Chiropractic concentrates on the relationship between the spine and the nervous system. Chiropractors look for abnormal spine movements and positions (known as ‘subluxation’), which they correct in a process called adjustment – mainly the application of pressure to the affected area by hand, though instruments can also be used. Once adjustments are made, the body is believed to heal itself. Chiropractic is used to treat a range of ailments in addition to spinal problems, and also assists general wellbeing.
The first chiropractor in New Zealand, Tom Giles, practised in Dunedin from about 1910. The New Zealand Chiropractic Association was founded in 1920 to represent chiropractors, and a code of ethics was adopted in 1928. After decades of lobbying, the Chiropractic Act was passed in 1960 to officially regulate chiropractic. Only appropriately qualified people could call themselves chiropractors.

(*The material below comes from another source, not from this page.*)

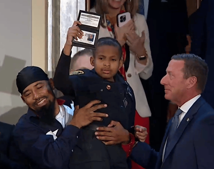 🚨 President Trump honored 13-year-old DJ Daniel, a brain cancer survivor who dreams of becoming a police officer, by making him an honorary Secret Service agent. Daniel, shocked by the announcement, proudly held up his certificate as the crowd erupted in applause and cheers. In a rare moment of unity, Democratic Rep. Laura Gillen stood and applauded in support.

Attempts to have chiropractic treatments subsidised by the government and funded by the Accident Compensation Corporation (ACC) led to the Commission of Inquiry into Chiropractic in 1978. Despite efforts by the New Zealand Medical Association to portray the therapy as disreputable and unscientific, the inquiry concluded that it was effective and safe, and successfully recommended that it be subsidised.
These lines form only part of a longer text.